Stage 7The Tempter's StrategyDay 181
The slow loss of first love · Matthew 24

When love grows cold

The cooling heart

Among Jesus' warnings about the last days is one that describes a spiritual danger of every age: because lawlessness will be multiplied, the love of many will grow cold. Notice the verb — not collapse, not die, but grow cold, the way embers that were once blazing slowly lose their heat when no one tends the fire. It is one of the saddest phrases in Scripture, and one of the easiest to live out.

The enemy is patient with this strategy. He knows that few devout souls will suddenly abandon their love for God in a dramatic moment; far more will simply let it cool by inches, distracted, discouraged, hardened a little by the surrounding coldness, until the warmth they once knew is only a memory. The love does not vanish overnight. It just slowly stops being warm, while the outward forms of faith continue unchanged.

The risen Christ named this very thing in the church at Ephesus: I have this against you, that you have left your first love. They were busy, orthodox, hardworking — and cold, the fire of their first love gone out beneath the activity. The remedy is to notice the cooling before it is complete, and to deliberately stir the embers back to flame. Has the warmth of your love for God quietly cooled while the forms of your faith carried on unchanged?


Because iniquity will be multiplied, the love of many will grow cold.

Jesus, on the last days — Matthew 24:12 (WEB)
The Invitation

Notice the slow cooling of your love for God before it is complete, and deliberately stir the embers of your first love back to flame.


Revelation 2:4

But I have this against you, that you left your first love.


Few lose their love for God dramatically; far more let it cool by inches — distracted, discouraged, hardened by surrounding coldness — while the outward forms of faith continue unchanged and hide the loss. The interior work is to watch for the gradual cooling that the enemy patiently encourages, and to tend the fire deliberately, returning to what first kindled love rather than mistaking busy orthodoxy for warmth.

A Practice to Try

This week, take your spiritual temperature honestly: has the warmth of your love for God cooled while the forms carried on? Stir the embers deliberately — return to a practice, place, or memory that first kindled your love, and ask God to rekindle it.

The quietest defeat is not abandonment but cooling — love sinking to embers by imperceptible degrees while the outward forms of faith carry on, busy and orthodox and cold. Like the Ephesians who left their first love without leaving their religion, a heart can go on unnoticed; but the soul that notices the chill and tends the fire keeps a love no slow drift can extinguish.

Few souls lose their love for God in a single dramatic moment. Far more common is the slow cooling — the gradual loss of warmth that Jesus warned of, as the surrounding coldness, the accumulated discouragements, and the simple passage of unattended time let the once-blazing fire sink to embers. And the cruelest part is how easily it hides, because the outward forms of faith continue even after the warmth is gone.

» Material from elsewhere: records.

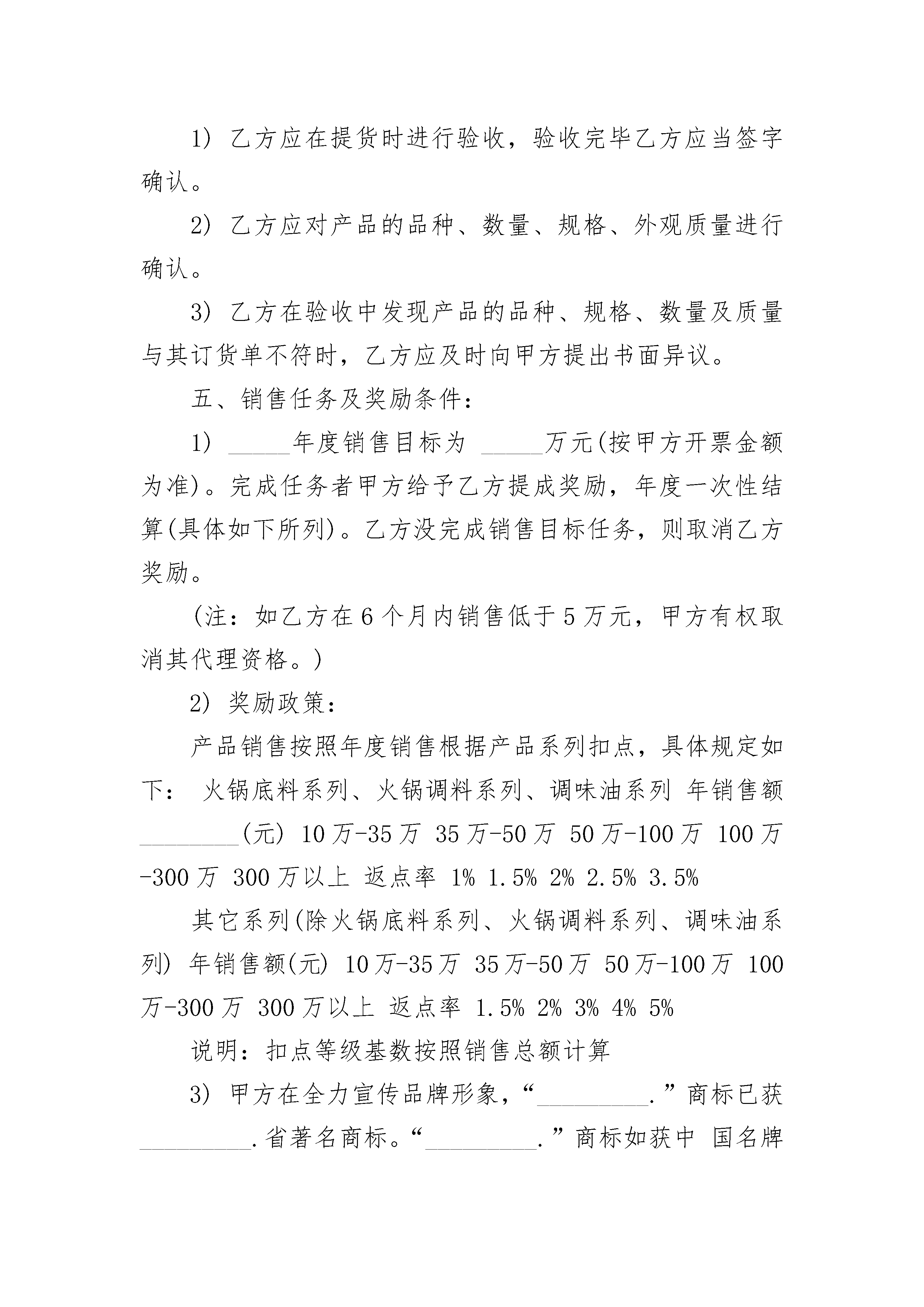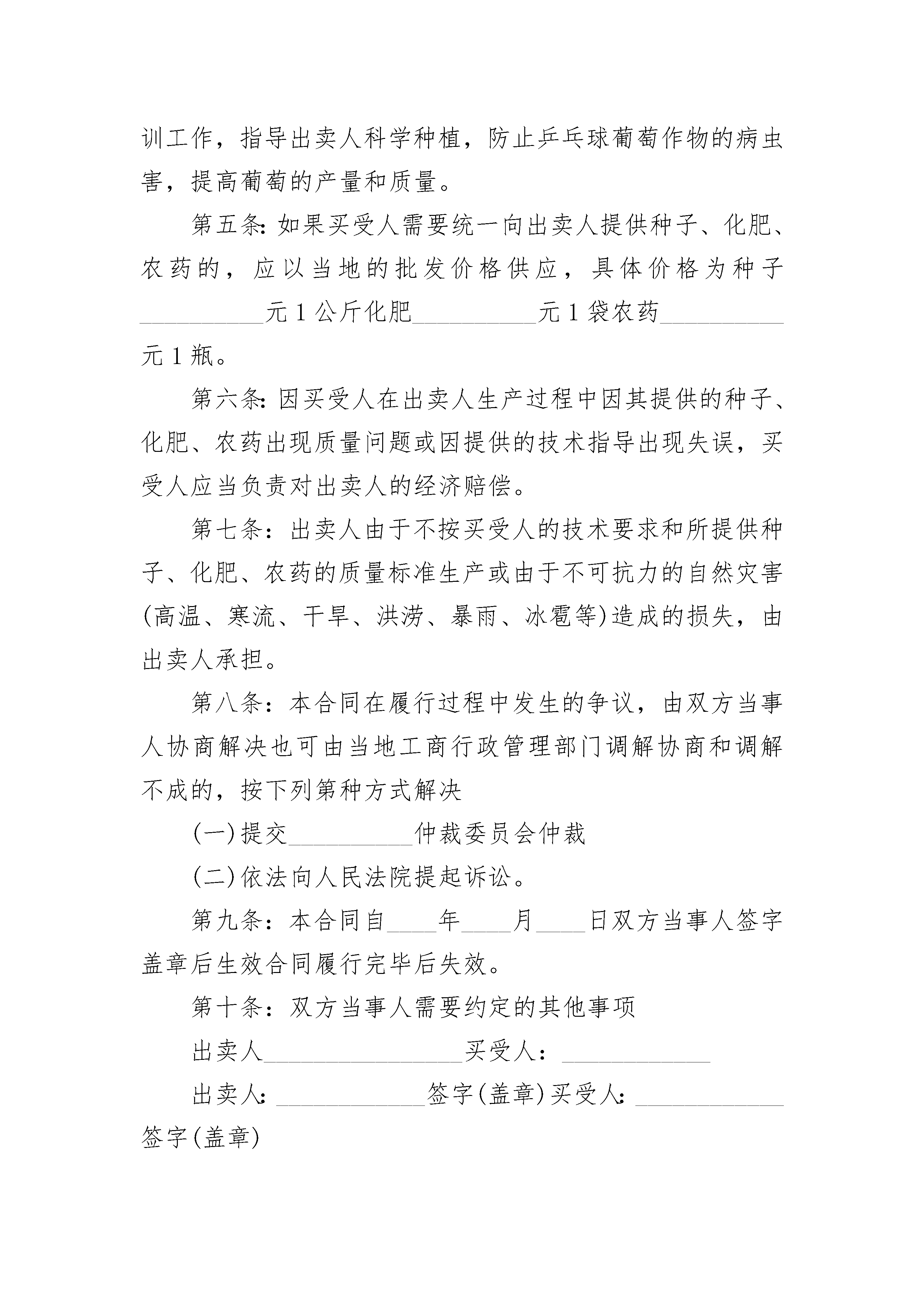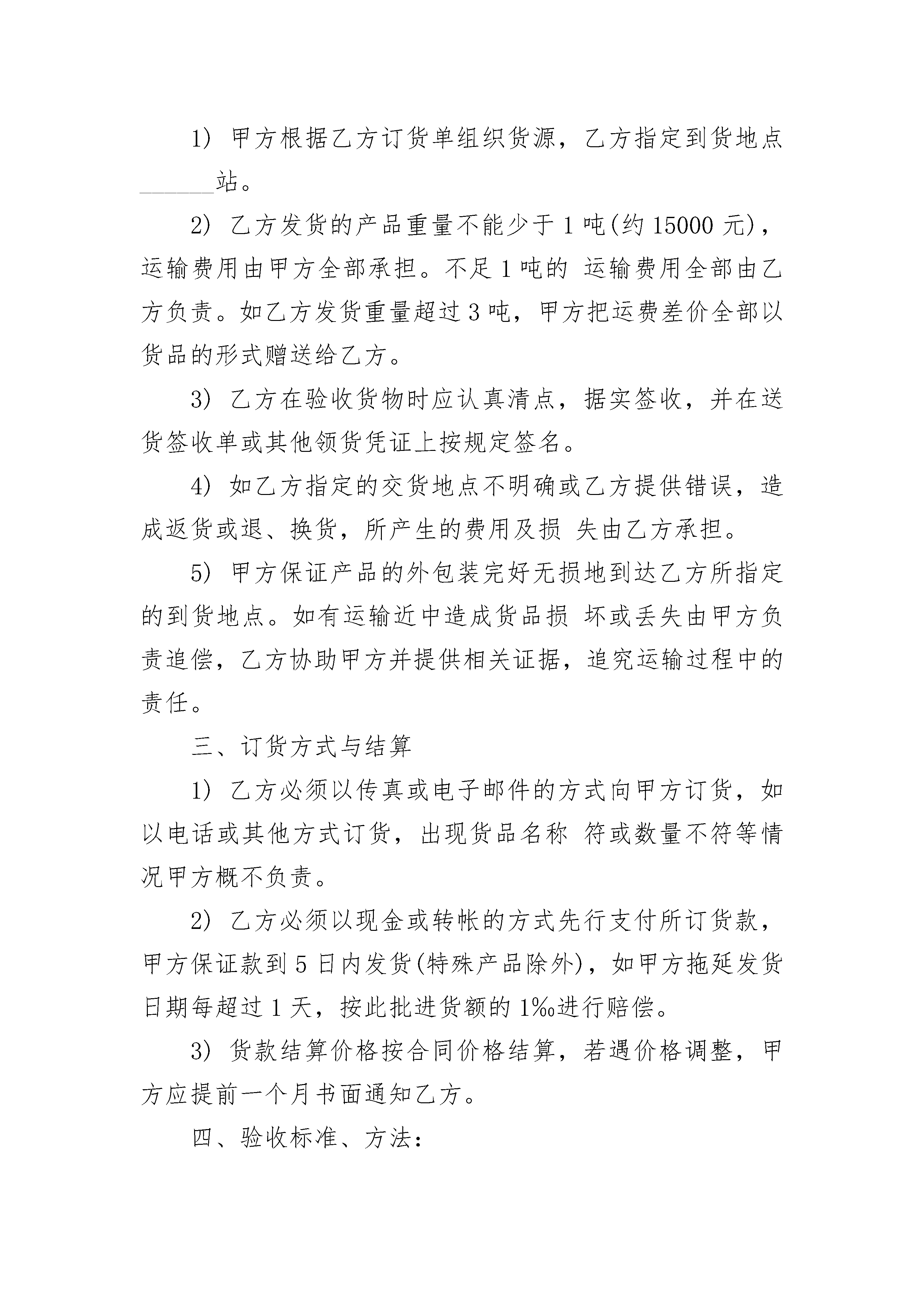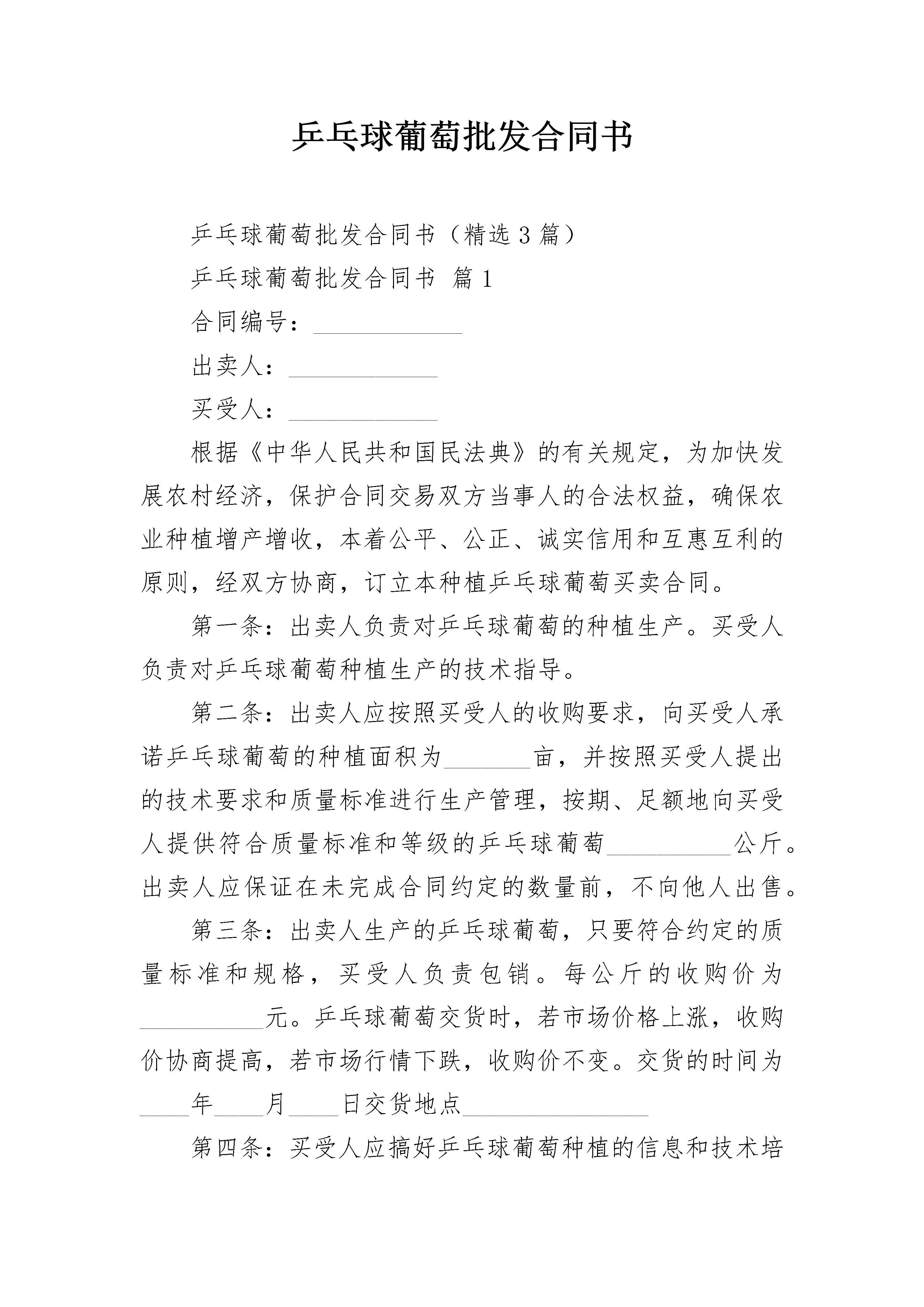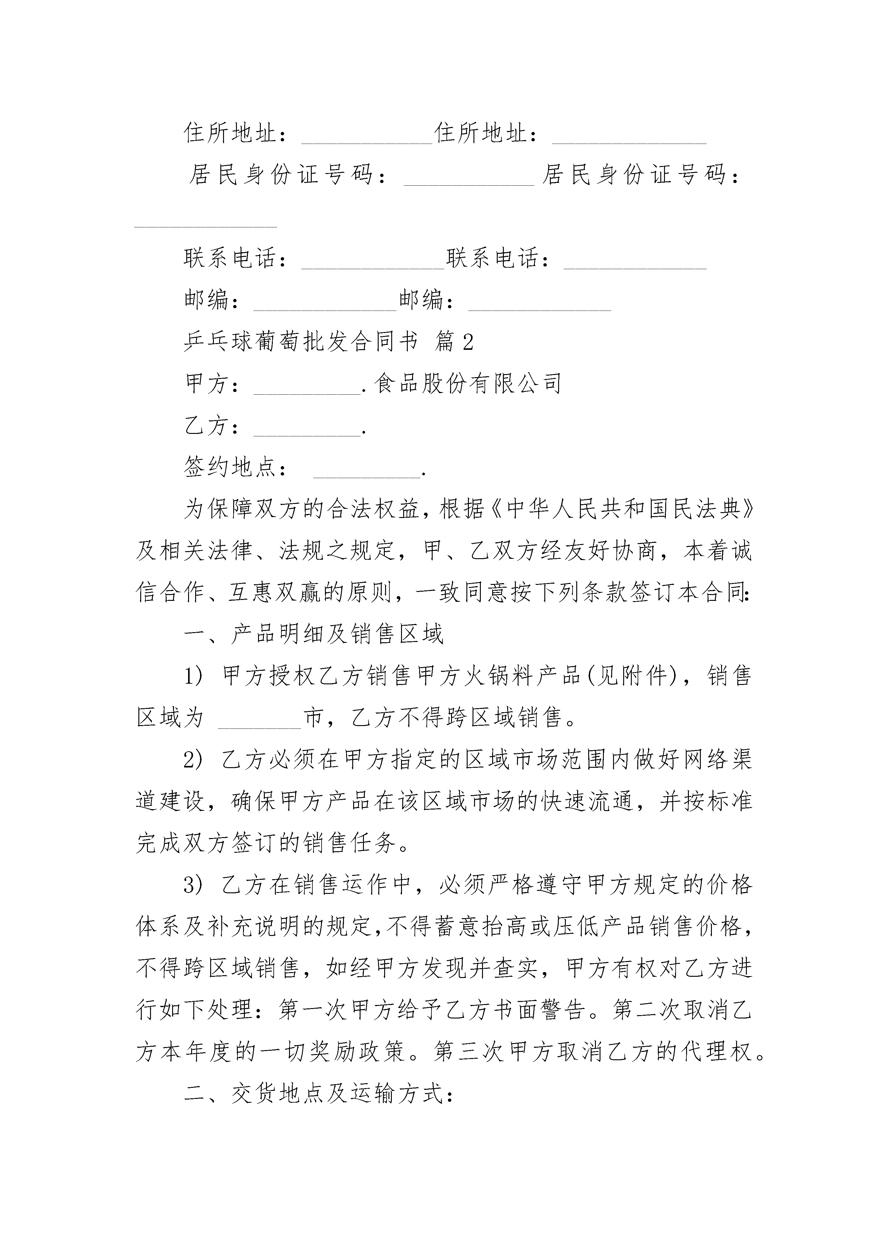 乒乓球葡萄批发合同书乒乓球葡萄批发合同书(精选3篇)乒乓球葡萄批发合同书篇1合同编号:____________出卖人:____________买受人:____________根据《中华人民共和国民法典》的有关规定,为加快发展农村经济,保护合同交易双方当事人的合法权益,确保农业种植增产增收,本着公平、公正、诚实信用和互惠互利的原则,经双方协商,订立本种植乒乓球葡萄买卖合同。第一条:出卖人负责对乒乓球葡萄的种植生产。买受人负责对乒乓球葡萄种植生产的技术指导。第二条:出卖人应按照买受人的收购要求,向买受人承诺乒乓球葡萄的种植面积为_______亩,并按照买受人提出的技术要求和质量标准进行生产管理,按期、足额地向买受人提供符合质量标准和等级的乒乓球葡萄__________公斤。出卖人应保证在未完成合同约定的数量前,不向他人出售。第三条:出卖人生产的乒乓球葡萄,只要符合约定的质量标准和规格,买受人负责包销。每公斤的收购价为__________元。乒乓球葡萄交货时,若市场价格上涨,收购价协商提高,若市场行情下跌,收购价不变。交货的时间为____年____月____日交货地点_______________第四条:买受人应搞好乒乓球葡萄种植的信息和技术培训工作,指导出卖人科学种植,防止乒乓球葡萄作物的病虫害,提高葡萄的产量和质量。第五条:如果买受人需要统一向出卖人提供种子、化肥、农药的,应以当地的批发价格供应,具体价格为种子__________元1公斤化肥__________元1袋农药__________元1瓶。第六条:因买受人在出卖人生产过程中因其提供的种子、化肥、农药出现质量问题或因提供的技术指导出现失误,买受人应当负责对出卖人的经济赔偿。第七条:出卖人由于不按买受人的技术要求和所提供种子、化肥、农药的质量标准生产或由于不可抗力的自然灾害(高温、寒流、干旱、洪涝、暴雨、冰雹等)造成的损失,由出卖人承担。第八条:本合同在履行过程中发生的争议,由双方当事人协商解决也可由当地工商行政管理部门调解协商和调解不成的,按下列第种方式解决(一)提交__________仲裁委员会仲裁(二)依法向人民法院提起诉讼。第九条:本合同自____年____月____日双方当事人签字盖章后生效合同履行完毕后失效。第十条:双方当事人需要约定的其他事项出卖人________________买受人:____________出卖人:____________签字(盖章)买受人:____________签字(盖章)住所地址:___________住所地址:_____________居民身份证号码:___________居民身份证号码:____________联系电话:____________联系电话:____________邮编:____________邮编:____________乒乓球葡萄批发合同书篇2甲方:_________.食品股份有限公司乙方:_________.签约地点:_________.为保障双方的合法权益,根据《中华人民共和国民法典》及相关法律、法规之规定,甲、乙双方经友好协商,本着诚信合作、互惠双赢的原则,一致同意按下列条款签订本合同:一、产品明细及销售区域1)甲方授权乙方销售甲方火锅料产品(见附件),销售区域为_______市,乙方不得跨区域销售。2)乙方必须在甲方指定的区域市场范围内做好网络渠道建设,确保甲方产品在该区域市场的快速流通,并按标准完成双方签订的销售任务。3)乙方在销售运作中,必须严格遵守甲方规定的价格体系及补充说明的规定,不得蓄意抬高或压低产品销售价格,不得跨区域销售,如经甲方发现并查实,甲方有权对乙方进行如下处理:第一次甲方给予乙方书面警告。第二次取消乙方本年度的一切奖励政策。第三次甲方取消乙方的代理权。二、交货地点及运输方式:1)甲方根据乙方订货单组织货源,乙方指定到货地点______站。2)乙方发货的产品重量不能少于1吨(约15000元),运输费用由甲方全部承担。不足1吨的运输费用全部由乙方负责。如乙方发货重量超过3吨,甲方把运费差价全部以货品的形式赠送给乙方。3)乙方在验收货物时应认真清点,据实签收,并在送货签收单或其他领货凭证上按规定签名。4)如乙方指定的交货地点不明确或乙方提供错误,造成返货或退、换货,所产生的费用及损失由乙方承担。5)甲方保证产品的外包装完好无损地到达乙方所指定的到货地点。如有运输近中造成货品损坏或丢失由甲方负责追偿,乙方协助甲方并提供相关证据,追究运输过程中的责任。三、订货方式与结算1)乙方必须以传真或电子邮件的方式向甲方订货,如以电话或其他方式订货,出现货品名称符或数量不符等情况甲方概不负责。2)乙方必须以现金或转帐的方式先行支付所订货款,甲方保证款到5日内发货(特殊产品除外),如甲方拖延发货日期每超过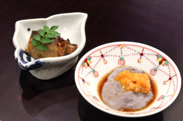 ●鮎の有馬煮に、黒豆湯葉と雲丹の先付で始まりました。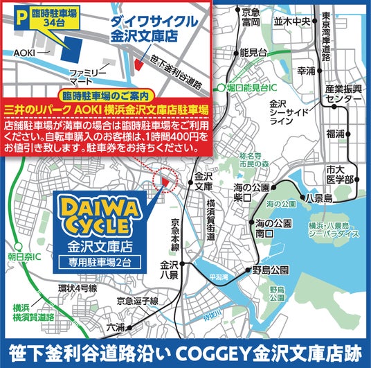 ダイワサイクルSTYLE金沢文庫店は、笹下釜利谷道路沿い、COGGEY金沢文庫店後に開店いたします。店舗裏に専用駐車場2台のご用意もございますので、お車でもお越しいただけます。また、京急本線 金沢文庫駅西口から徒歩約6分と近く、小学校と中学校の間に位置しており、通勤通学や、お子様の送迎などの際にお立ち寄りいただきやすい立地となっております。空気入れ・お困りごとなどありましたらお気軽にお立ち寄りください。

This is one of the enemy's quietest victories: not to make you abandon God, but to let your love for him cool by imperceptible degrees while you remain busy and orthodox, like the Ephesians who had left their first love without leaving their religion. The remedy is to notice the cooling and tend the fire deliberately — to return to the practices and memories that first kindled love, and stir the embers back to flame. Has the heat of your love for God quietly faded while everything else carried on?

  1. Has the warmth of my love for God cooled while the forms carried on?
  2. Am I busy and orthodox but no longer warm?
  3. What first kindled my love that I could return to and stir up?
A Prayer to Carry

Lord, my love for you can cool by imperceptible degrees while my religion carries on unchanged. Show me where the fire has sunk to embers. Forgive me for leaving my first love, and stir the coals back to flame, that I may love you warmly again. Amen.